TASK BRIEF: Every line below from the one with "Mid-Century Wood &" through the one with "Двухкомнатный номер с видом на бассейн." is to be repeated exactly, with no picture among them.

Saved data entries:
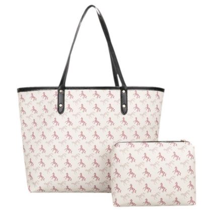 Vegane Handtasche und Kulturbeutel im Set in creme
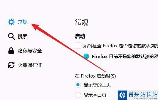 3、這時會打開Firefox瀏覽器的選項窗口,點擊左側邊欄的“常規”選項卡
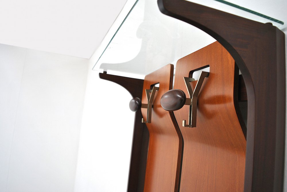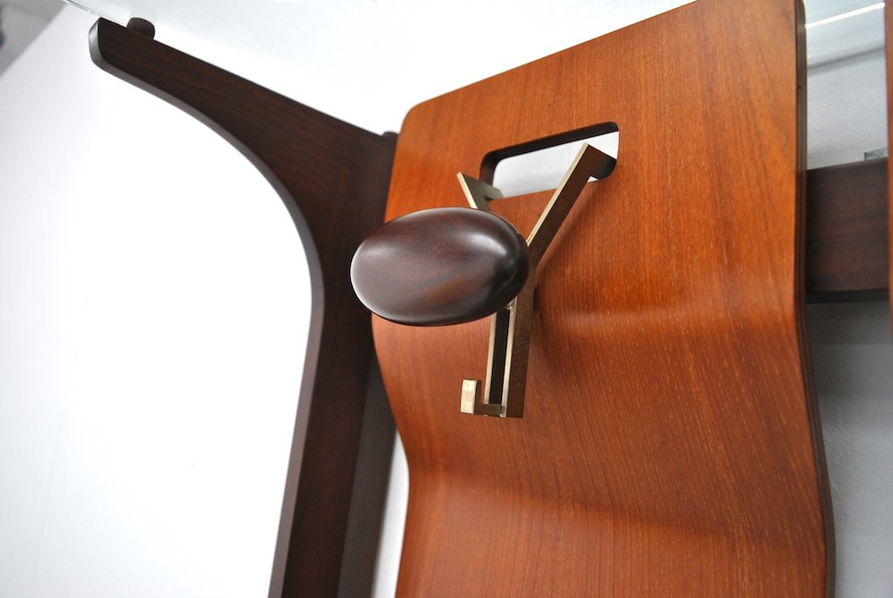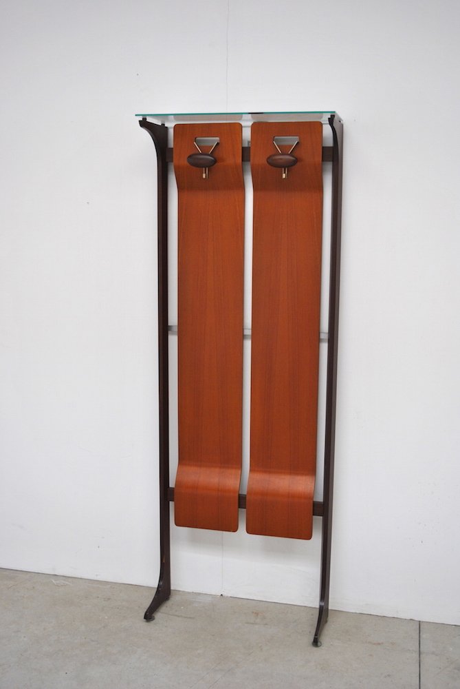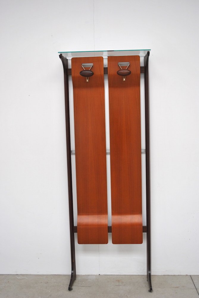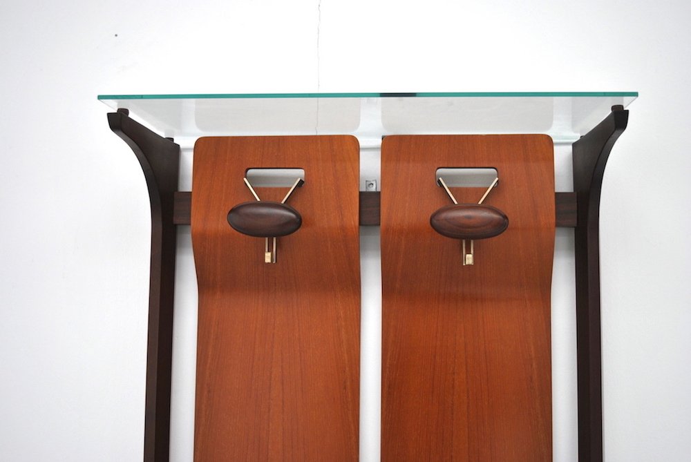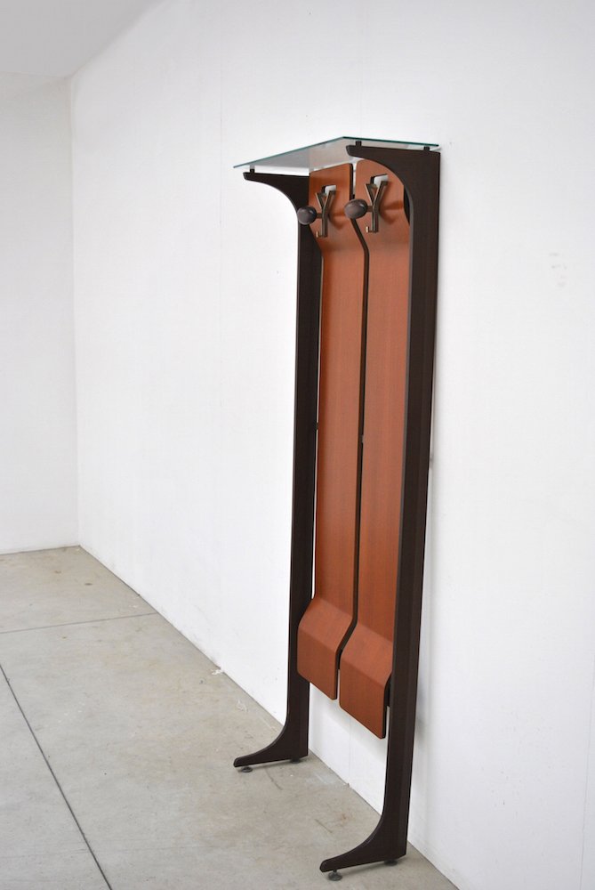 Mid-Century Wood & Glass Coat Stand with 2 Hooks by Gianfranco Frattini
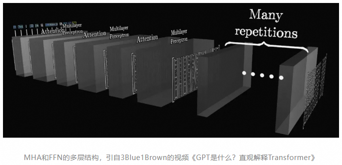 隐藏层不只有一层,而是一种多层嵌套的结构。如上图,Attention是MHA,Multilayer Perceptron(MLP)是FFN,它们就像奥利奥饼干一样彼此交错。这是为了通过建立更深的网络结构,帮助模型在不同的抽象层次上捕捉序列内部的依赖关系,最终将整段文字的所有关键含义,以某种方式充分融合到最后的输出中。隐藏层的层数并不是越多越好,这取决于模型的设计,可以参考前文贴过的模型参数表,其中的L就代表该模型的隐藏层的层数。较新的Qwen2-72B有80层,GPT-4有120层。
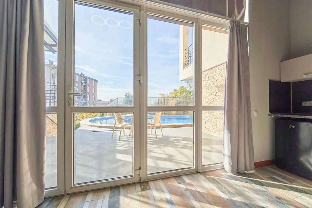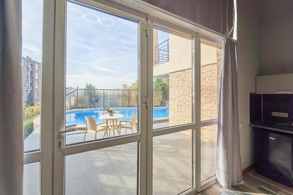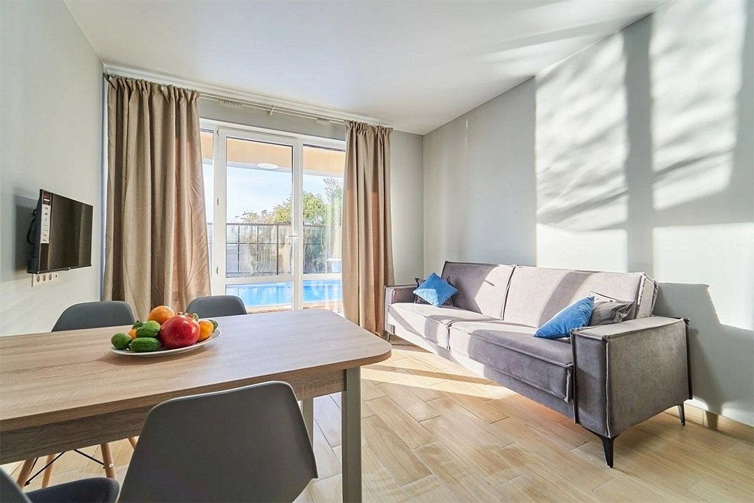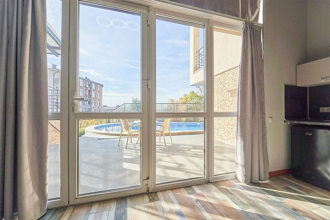 Двухкомнатный номер с видом на бассейн.
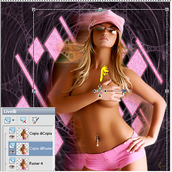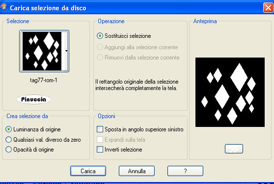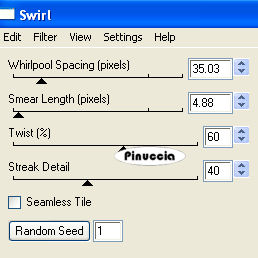 qui puoi trovare qualche risposta ai tuoi dubbi. Se l'argomento che ti interessa non è presente, ti prego di segnalarmelo. Questo tutorial è stato scritto con PSP Corel X2, ma può essere eseguito anche con le precedenti versioni. Per tradurlo, ho usato PSP X. Occorrente: Un tube a scelta. Il resto del materiale qui Il tube che ho usato è di Terry. Filtri: Eye Candy 4000 - Swirl qui Metti la Selezione nella cartella Selezioni. 1. Apri una nuova immagine trasparente 700 x 700 pixels. Scegli due colori dal tuo tube. Per seguire il mio esempio, imposta il colore di primo piano con il colore scuro #BF1846, e il colore di sfondo con il colore chiaro #FFB4E1. 2. Selezione>Seleziona tutto. Apri la trama "Fractal_098" e vai a Modifica>Copia. non chiuderla perchè ti servirà ancora. Torna al tuo lavoro e vai a Modifica>Incolla nella selezione. se stai usando altri colori usa il viraggio per cambiare il colore della trama. Sull'uso del Viraggio vedi qui Selezione>Deseleziona. 3. Livelli>Nuovo livello raster. Selezione>Carica/Salva selezione>Carica selezione da disco. Cerca e carica la selezione "tag77-rom-1": ![]() Riempi la selezione con il colore scuro di primo piano.4. Selezione>Modifica>Contrai - 2 pixels. Riempi con il colore chiaro di sfondo.Effetti>Plugins>Eye Candy 4000 - Swirl, con i seguenti settaggi: ![]() Selezione>Deseleziona. 5. Effetti>Effetti 3D>Sfalsa ombra, con i seguenti settaggi, colore bianco. ![]() 6. Livelli>Nuovo livello raster. Selezione>Carica/Salva selezione>Carica selezione da disco. Cerca e carica la selezione "tag77-rom-2": ![]() Riempi la selezione con il colore scuro di primo piano.7. Selezione>Modifica>Contrai - 2 pixels. Riempi con il colore chiaro di sfondo.Effetti>Plugins>Eye Candy 4000 - Swirl, come al punto 4. Selezione>Deseleziona. Effetti>Effetti 3D>Sfalsa ombra, come al punto 5. 8. Apri il tuo tube e vai a Modifica>Copia. Torna al tuo lavoro e vai a Modifica>Incolla come nuovo livello. Spostalo un po' più a destra.Livelli>Duplica, 2 volte. 9. Attiva il livello inferiore dei tre livelli del tube. Effetti>Effetti di distorsione>Vento - da destra - intensità 100. ![]() Regola>Sfocatura>Sfocatura gaussiana - raggio 10. ![]() 10. Attiva il livello centrale dei tre livelli del tube. Effetti>Effetti di distorsione>Vento, come al punto 9. Sposta leggermente il livello a sinistra.per spostare il livello senza togliere la visibilità a quello superiore, attiva lo strumento Puntatore ![]() ![]() e la griglia che apparirà intorno al tube ti servirà da guida per lo spostamento. Muovi il mouse sul centro e, quando vedrai l'icona dello strumento Spostamento , sposta il livello.Regola>Sfocatura>Sfocatura gaussiana - raggio 10. 11. Attiva lo strumento Testo e scrivi il to nome o un testo.Se vuoi aggiungi il tuo watermark. 12. Immagine>Aggiungi bordatura, 2 pixels, simmetriche, con il colore #000000. Immagine>Aggiungi bordatura, 35 pixels, simmetriche, con il colore #ffffff. Seleziona il bordo bianco con la bacchetta magica ![]() ![]() Attiva nuovamente la trama Fractal_098 e vai a Modifica>copia. Torna al tuo lavoro e vai a Modifica>Incolla nella selezione. Immagine>Rifletti. Immagine>Capovolgi. 13. Selezione>Inverti. Effetti>Effetti 3D>Sfalsa ombra, come al punto 5. Selezione>Deseleziona. 14. Immagine>Aggiungi bordatura, 2 pixels, simmetriche, con il colore #000000. Selezione>Seleziona tutto. Selezione>Modifica>Contrai - 2 pixels. Effetti>Effetti 3D>Ritaglio, con i seguenti settaggi: ![]() Selezione>Deseleziona. Hai finito. Salva in formato jpg. ![]() Se hai problemi o dubbi, o trovi un link non funzionante, o anche soltanto per un saluto, scrivimi. 10 Ottobre 2008 |
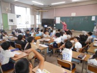 2年1組は廊下からでも騒々しくなっていました。1時間目に学習したプリントを回収し...
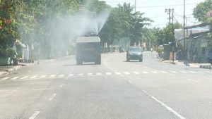 KAMPAR – Untuk mencegah meningkatnya angka penyebaran Covid-19 pasca lebaran Idul Fitri, Tim Gabungan Satgas Penanganan Covid-19 Kabupaten Kampar kembali lakukan penyemprotan Desinfektan di-seputaran Kota Bangkinang pada Senin pagi hingga siang (24/05/2021).
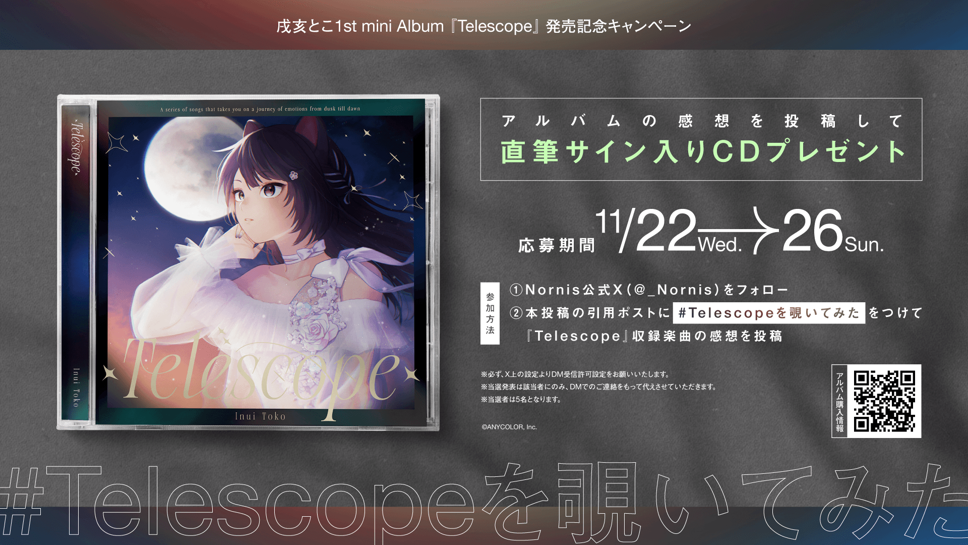 2023年11月22日(水)に発売するNornis戌亥とこ1st mini Album『Telescope』のデジタルリリースが決定いたしました!2023年11月22日(水)0:00より、各種配信プラットフォームにてデジタルリリースを開始いたします。
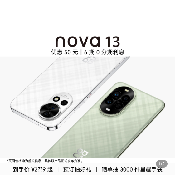 目前,華為官方商城已經開啟了華為nova 13和華為nova 13 Pro的預約,預約將在10月22日 20:29結束。官網的宣傳頁面顯示,華為nova 13的起售價格為2??9元,而華為nova 13 Pro的起售價格為3??9元。雖然售價并未完全公布,但已能確定華為nova 13的起售價格將低于3000元。
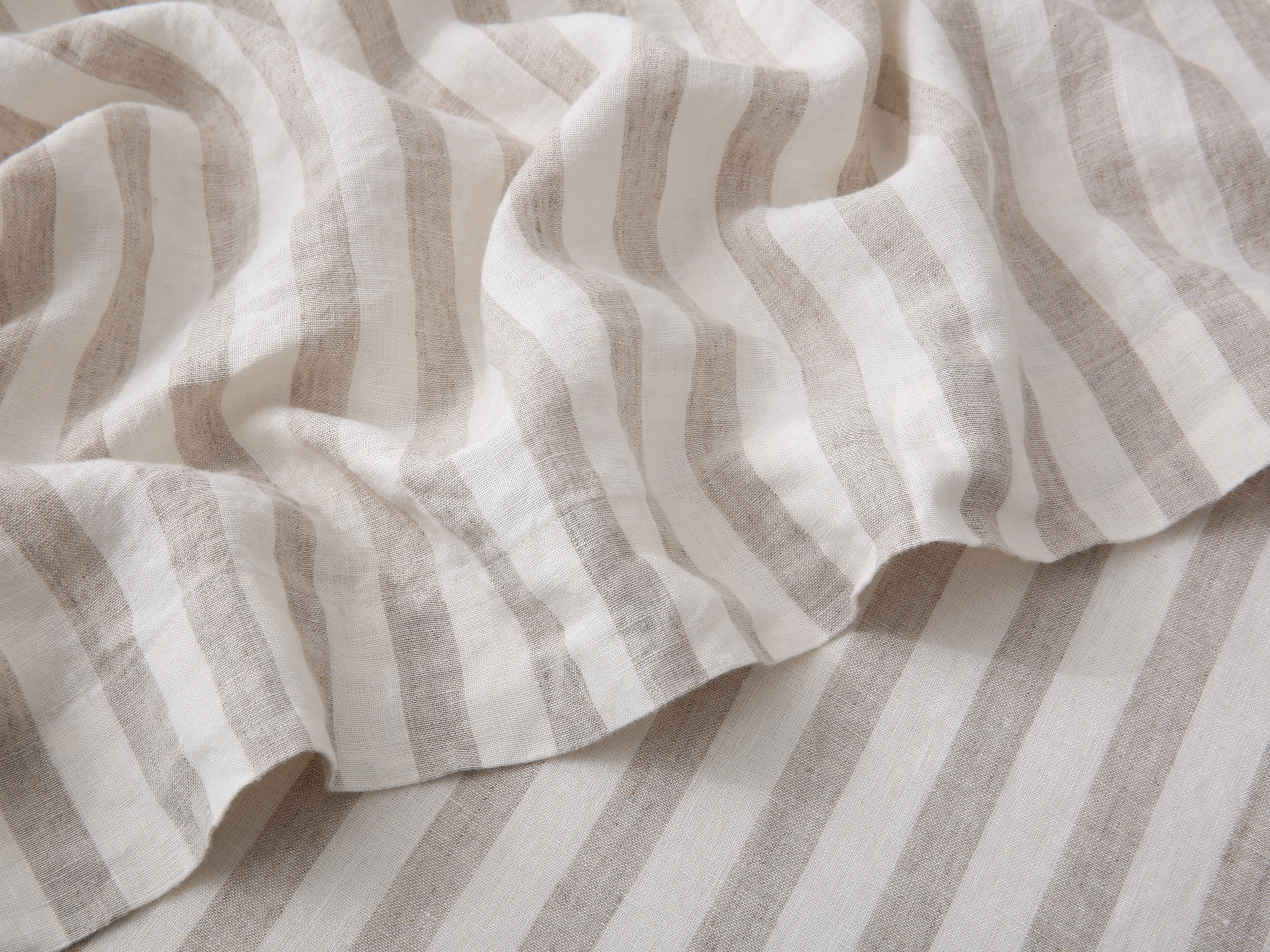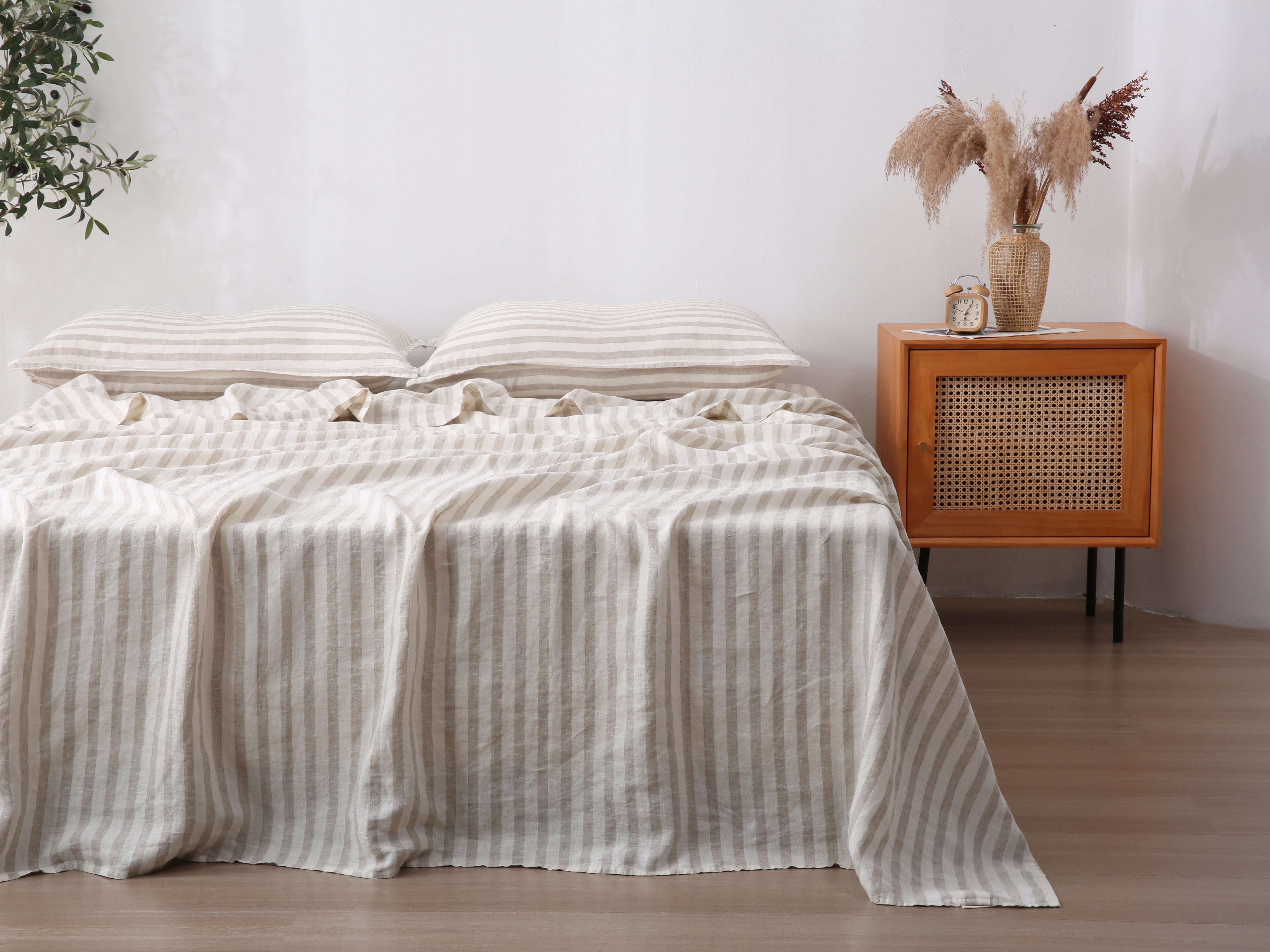 Our "SAND STRIPE" Flat Sheet is Stonewashed 100% French Flax Linen.

ANSWER TO THE PROBLEM:
 Mid-Century Wood & Glass Coat Stand with 2 Hooks by Gianfranco Frattini
 隐藏层不只有一层,而是一种多层嵌套的结构。如上图,Attention是MHA,Multilayer Perceptron(MLP)是FFN,它们就像奥利奥饼干一样彼此交错。这是为了通过建立更深的网络结构,帮助模型在不同的抽象层次上捕捉序列内部的依赖关系,最终将整段文字的所有关键含义,以某种方式充分融合到最后的输出中。隐藏层的层数并不是越多越好,这取决于模型的设计,可以参考前文贴过的模型参数表,其中的L就代表该模型的隐藏层的层数。较新的Qwen2-72B有80层,GPT-4有120层。
 Двухкомнатный номер с видом на бассейн.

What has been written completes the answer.